The disruption of intimacy and the dramatic change in our routines can leave us in pain and feeling isolated; these abrupt changes literally jar our nervous system. For some people, breakups cause trauma, triggering psychological echoes of earlier wounding. Fortunately, the science of human physiology can guide us on the road to healing.

I learned a lot about the science and spirit of the healing process after my own painful breakup. Hopefully some of my experience can be useful to you.

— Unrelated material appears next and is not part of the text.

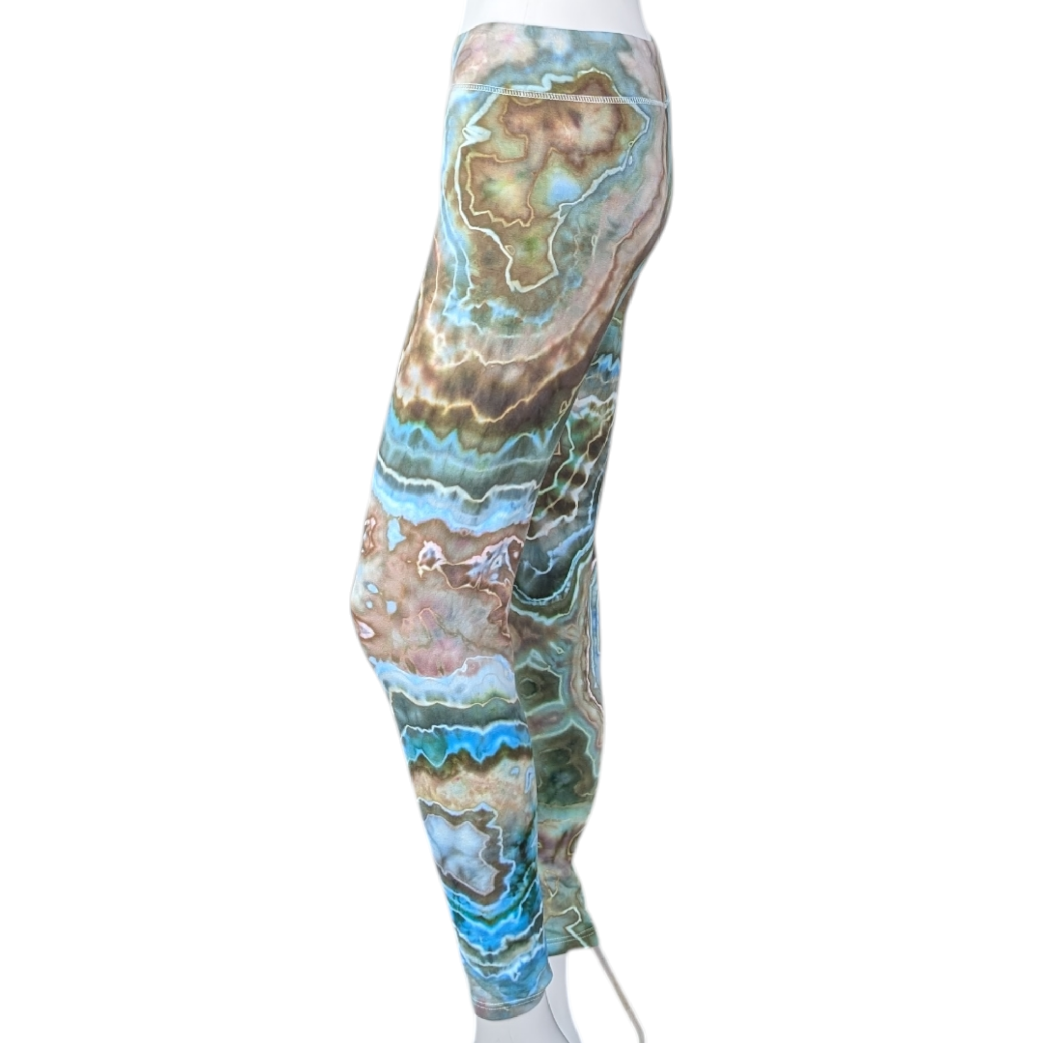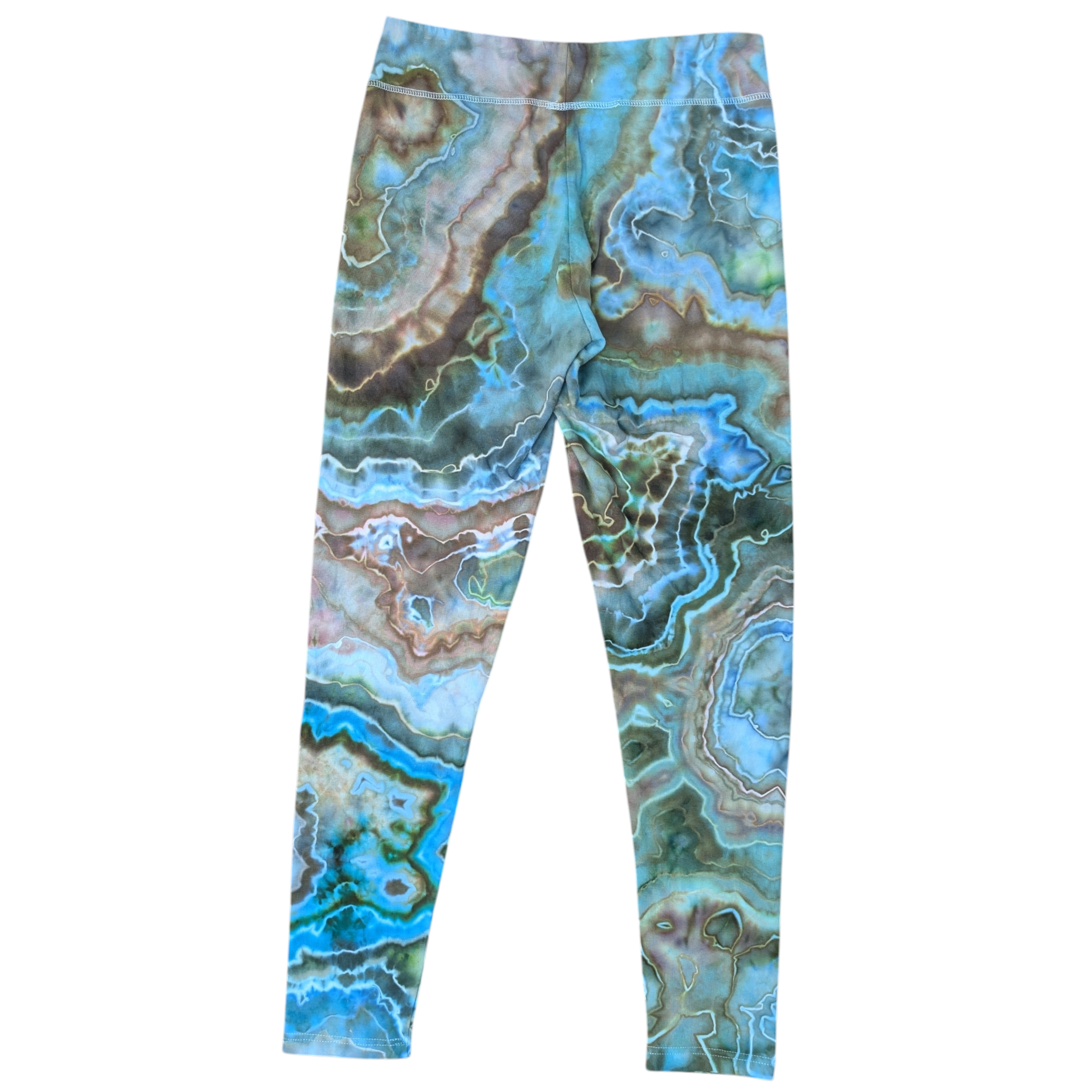 These women's large tie-dye leggings feature a geode style design in an earthy watercolor color scheme. Made of 92% cotton material, they are very soft, stretchy, and comfortable, making them great for everyday wear or a fun workout.

A Scientific Approach to Healing

The sympathetic and parasympathetic nervous systems control many of the basic functions in the human body. Put simply, the sympathetic nervous system manages our fight or flight response which has evolved to keep us safe from predators and the threats of daily living, while the parasympathetic nervous system is responsible for resting, digesting, and recovery. Difficult breakups activate the sympathetic nervous system as if we were under an actual threat, often resulting in the agitation, lost appetite, and disrupted sleep that many of us feel during breakups.

My recipe for healing is quite simple: pursue activities that reactivate the parasympathetic nervous system. The more time your body spends with its parasympathetic system activated, the easier it will become to return to feelings of rest and relaxation. These periods of calm will help reregulate your nervous system and return it to its normal, pre-breakup rhythms.

To be clear, I don’t want you to avoid the grieving process; your ex may have been precious to you and you’re experiencing a heavy loss. Instead, the idea is to strengthen feelings of wellness and well-being so as to expand your emotional capacity for the normal process of grieving. The better you feel, the easier it will be to move through the healing process and avoid getting stuck. Furthermore, the foundation for calm you build will support the powerful learning experiences that will likely come from ending the emotional attachment with your ex-partner.

Activating the Parasympathetic Nervous System

First I want to highlight activities that activate the parasympathetic nervous system with the least effort. Often during a breakup, we’re depressed and lethargic and have very little initiative. My favorite healing activities are those you simply show up for.

Massage and acupuncture are on the top of my list. Just as the sympathetic nervous system tightens our muscles in preparation to flee from predators, the physical effect of relaxing our muscles shifts the body back into the restful parasympathetic state. Massage also offers the benefit of safe, compassionate human touch. Similarly, the relaxing effect of heat such as a sauna, Jacuzzi, or a hot spring is also very effective.

Perhaps the most powerful practice I’ve used is the hot and cold plunge; in other words, heat up in a Jacuzzi, steam room, or sauna and then move into very cold water. Many urban spas and hot springs offer this. The effect becomes more and more dramatic as you repeat the cycle. Go from hot to cold ten times and your thoughts will literally slow down, especially those of rumination and obsession that prevent us from healing. One of the reasons this method works is that the cold water stimulates the brain to release hormones that help with depression. Soon you may not even remember that you’re feeling upset – I’ve literally experienced the beginning of trance states during repetitive cold plunges.

Another powerful way to shift your nervous system is through group or individual sound healing, or sound baths. During a sound bath, you lie on your back as a practitioner leads a concert using crystal bowls, vocals, and a gong. As practitioner Daniela White describes, “during a sound bath you are bathed in healing vibrations that help you achieve deep states of relaxation, where the brain entrains to the meditative theta state and the body moves into a process of healing and repairing itself.”

I have experienced dramatic shifts from nearly every sound bath I’ve attended. The effect of harmonic and disharmonic vibrational patterns on the brain seems to reset our thinking patterns. If you’d like to experiment at home, try Banzai Lab’s Brainwave app with a pair of headphones, which are required for the full effect.

I’ve also experienced deep effects from diaphragmatic breathwork classes and float tanks but some people may experience anxiety with these techniques. Only try these if you know they’ve worked for you in the past or if you’re feeling relatively well emotionally.

I recognize that not everyone may have the budget or access to these approaches, but there are many other options as well.

Pets can activate the parasympathetic nervous system. Simply sitting with your cat or dog, experiencing their warmth and companionship, feeling the tactile sense of their fur or the rhythms of purring can contribute to the healing process.

Other activities require a bit more initiative. Exercise – going for a run or a walk in nature or taking an active yoga class – can be very effective. I highly recommend establishing a regular exercise routine during your healing process, either daily or every other day.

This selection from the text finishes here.